Lutz Hagestedt: Textbook 11

The text book 11 is made up of individual chapters that are more or less independently lined up one behind the other. However, these chapters differ. After visiting “Borneman's house”, he wrote on three pages “very tired Arno-Schmidt-Kalauer” (“Arno's moon metaphors”, “Arno is meta fern”, “Arno isst” etc.). Then there are “idiosyncratic portraits” of the English county of Warwick (“Warwick lesson”) and of the American poet John Berryman. In the chapter “lesson on method” it seems as if Heißenbüttel would like to explain his method of the textbooks and try to represent it graphically and visually at the same time (“collecting interest in strange words / unusual spaces free-flowing punctuations (...) / even if he is responsible for his words, he is not ”etc.).

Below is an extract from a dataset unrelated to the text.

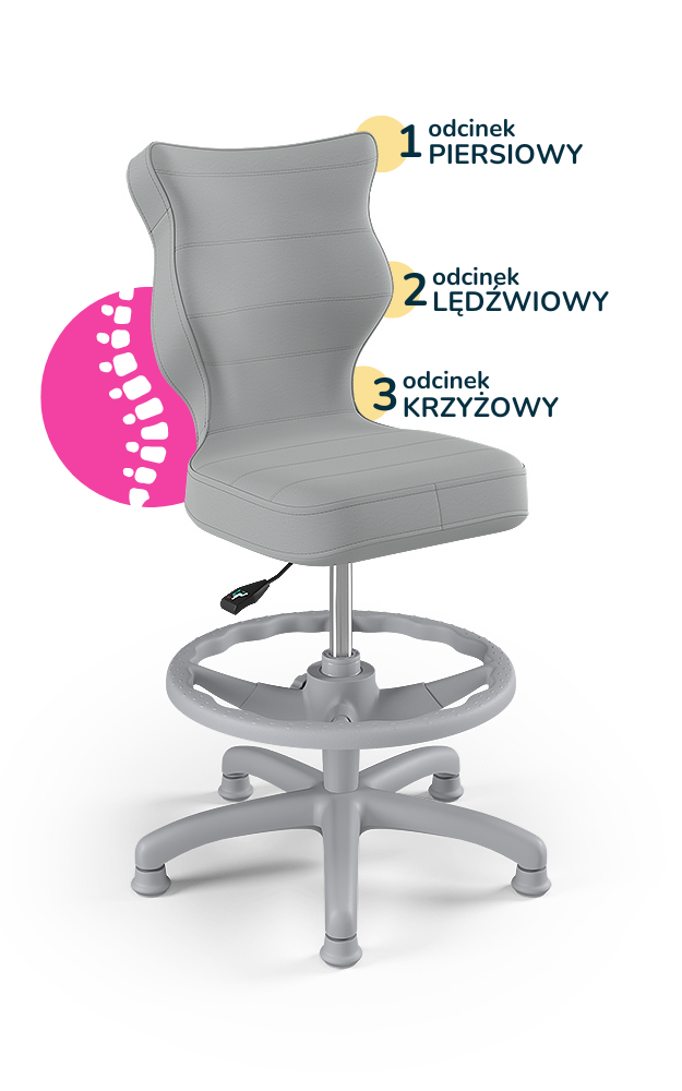 Krzesło Petit z podnóżkiem to ergonomiczne krzesło obrotowe zaprojektowane z myślą o dzieciach, które wspiera prawidłową postawę podczas nauki i pracy przy biurku. Wyprofilowane siedzisko i oparcie zapewniają odciążenie kręgosłupa w odcinku piersiowym, lędźwiowym i krzyżowym, a regulowany podnóżek pozwala dopasować pozycję nóg do wzrostu użytkownika, zwiększając komfort i stabilność podczas siedzenia.

Heißenbüttel has also added his own signature to this textbook. He refrained from any kind of punctuation in the work, as well as stringing the individual quotations and fragments together. Only the individual texts are separated from one another by headings. Heißenbüttel's profit, which he achieves through his technique by dispensing with punctuation and thus leaving sentence boundaries open, is achieved through a syntactic construction ("Apokoinu") that often arises. They can be used to relate a sentence or a sentence fragment to both the previous and the following text: "The sentences become ambiguous".

Individual evidence

  1. a b c "Heißenbüttel, Helmut". In: “Lexicon of contemporary German literature since 1945”, 2003, pp. 509–511.
  2. "Heißenbüttel, Helmut". In: “Harenberg's Lexicon of World Literature. Authors, works, terms. ”, 1989, pp. 1302–1303.
  3. a b Heißenbüttel, Helmut: "Textbook 11. In cleaned language.", 1989.
  4. a b c d Hagestedt, Lutz: "The disappearance in foreign text.", 1988.

literature

  • Hagestedt, Lutz: Disappearance in another text. On three publications by Helmut Heißenbüttel. In: Süddeutsche Zeitung No. 30 (1988), p. XII.
  • Heißenbüttel. In: Harenberg's Lexicon of World Literature. Authors, works, terms. Volume 3. Harenberger-Lexikon Verlag, Dortmund 1989, pp. 1302-1303.
  • Heißenbüttel. In: Lexicon of contemporary German-language literature since 1945. Volume 1: A – J. Nymphenburger Verlag, Munich 2003, pp. 509-511.
  • Heißenbüttel, Helmut: Textbook 11. In purified language. Stuttgart: Klett-Cotta Verlag, 1987.